Given material:

════════════════════

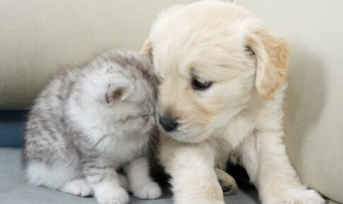 ゴールデンレトリバーの子犬が子猫のことをギュッと背後からハグして精一杯の愛情を示しています。
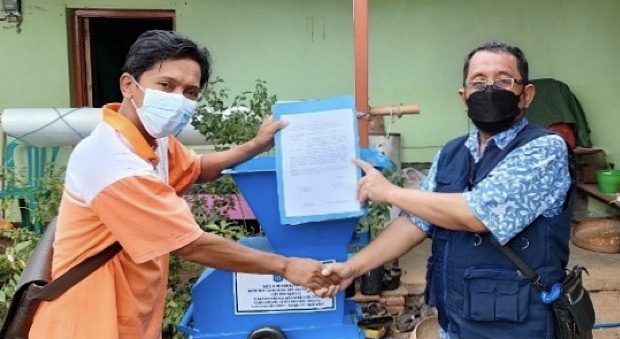 Dr Ir Eko Nurmianto MEngSc saat menyerahkan mesin pencacah porang kepada perwakilan mitra binaan Desa Blongko.
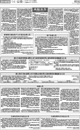浙江东鼎投资股份有限公司与阎崇俊债权转让通知暨债务催收联合公告

════════════════════

Exercise goal: Without reproducing any picture, repeat exactly the lines from the one containing "Dr Ir Eko Nurmianto" through the last line of the material above, both ends included.

Solution to this task:
 Dr Ir Eko Nurmianto MEngSc saat menyerahkan mesin pencacah porang kepada perwakilan mitra binaan Desa Blongko.
浙江东鼎投资股份有限公司与阎崇俊债权转让通知暨债务催收联合公告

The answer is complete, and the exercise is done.